Complacency in campaigning
Look, I get it. Pretty much everyone in civil society is drained. So little progress is being made. On too many fronts we’re going backwards. Fundamental principles of fairness and decency are being undermined. I say all of this as someone who recently spent six years in the refugee sector.
Right now, it can feel like any change would be better – so it will be tempting to breathe a sigh of relief if control does shift at the next election. But our reaction must be the exact opposite. A new Government should be the starting gun telling us to dramatically switch up gears. We’ve been playing defence for so long it’s easy to forget the importance of playing offence. It’s when we think there’s more opportunity for impact that we need to set our ambitions higher and work all the harder.
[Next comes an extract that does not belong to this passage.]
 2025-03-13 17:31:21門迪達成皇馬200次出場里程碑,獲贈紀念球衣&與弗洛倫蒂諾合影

Make no mistake, the next Government will be staring at a bleak context with very little in the piggy bank. Depending on how slim its majority is, its confidence to make the radical reforms we need may be low. So, as campaigners, we must see a new Government as a new target, not a promised land. The pedal will need more gas.
Inexperience of campaigners
The fact is that anyone under the age of 35 is likely to only ever have campaigned in the charity sector under a Conservative-led Government. This matters, as most charity staff doing the day-to-day influencing work are under 35.
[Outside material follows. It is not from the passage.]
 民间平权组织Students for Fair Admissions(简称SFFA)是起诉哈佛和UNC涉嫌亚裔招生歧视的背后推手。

Overnight, relationships with allies will shift. The stakes on both sides of the relationship get higher. Influencing strategies will need to adapt. While things have undoubtedly changed since 2010, we should seek out lessons from those who campaigned successfully under the New Labour administrations. What did a healthy relationship look like? Which strategies worked and which didn’t?
Government and governance
And so, to the final risk: governance. The will to embrace higher standards of transparency and engagement in democratic debate are not things any Government instinctively finds easy to do once in power. But transforming the way policy is made is at the heart of how we achieve social change. That’s why, although it’s definitely not sexy, calling for a commitment to true and accountable consultation may be the most important policy ask we can make as civil society right now.
It wasn’t all that long ago that we still had the basic working functions of transparent governance in central government, including actual engagement with civil society on policy development. Whether or not the advice of civil society was heeded, there was a mostly genuine process of eliciting that advice. Green and white papers were taken seriously. Legislation would often be produced after lengthy engagement (yes, sometimes far too lengthy!) that led to real changes in the original proposals. This meant that legislation generally arrived in Parliament better drafted, better tested, and with fewer surprises.
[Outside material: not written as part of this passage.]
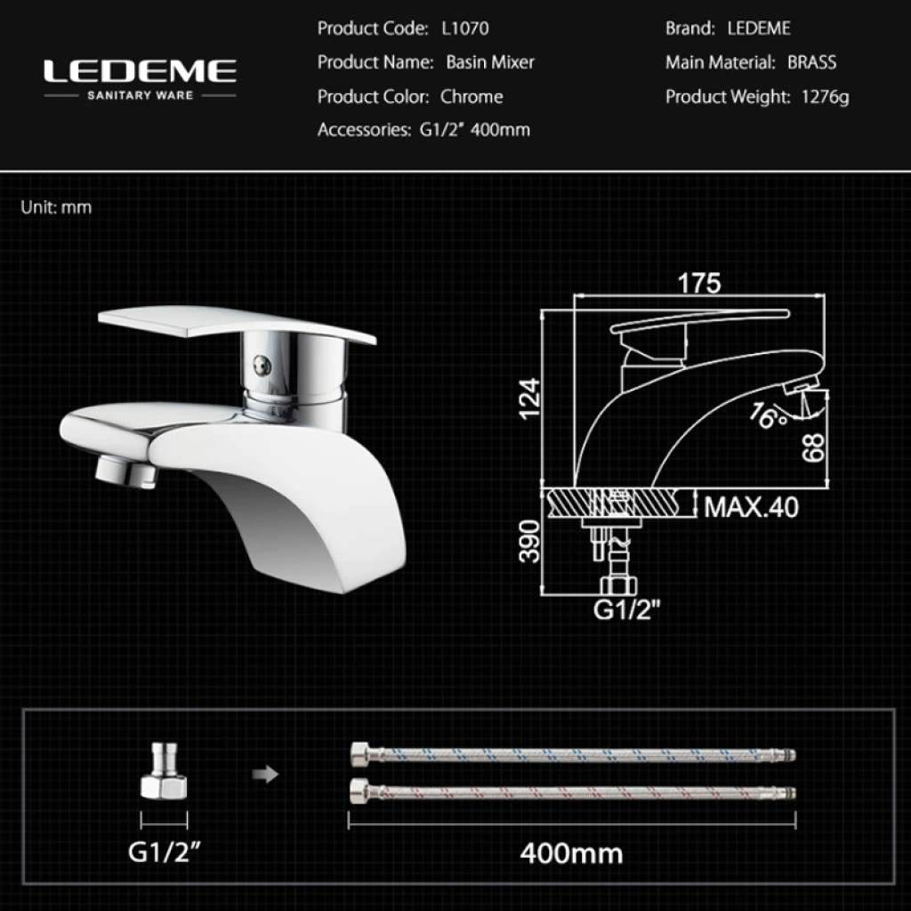 Լվացարանի ծորակ Ledeme 7L1070 (ԿՈԴ 8341)

This is in stark contrast to what we have now: consultation timelines and processes so limited there’s not even a pretence it’s not tokenistic. Instead, legislation is too often thrown half-baked at Parliament in a ‘suck-it-and-see’ Government strategy to try their hand at what they can get away with.
Bringing back transparency and true consultation in governance does not sound exciting but it is essential for a healthy democracy. It would mean that policy is better informed and parliamentary time less wasted on clearing up ill-thought-through legislation. It may even help rebuild trust between politicians and the public.
For too long the Government has acted as though its only obligation to engage with the public on policy in any meaningful way has been every few years at the ballot box. Yet, if the next Government fails to change this mindset, the rot will have set in. Instead of an aberration, it will become the norm.
As we come together to determine what our big, bold asks will be ahead of the next election, the real game-changer would be to call for a commitment to govern with true and accountable civil society consultation. Without that, we run the risk of forever just shouting into the void.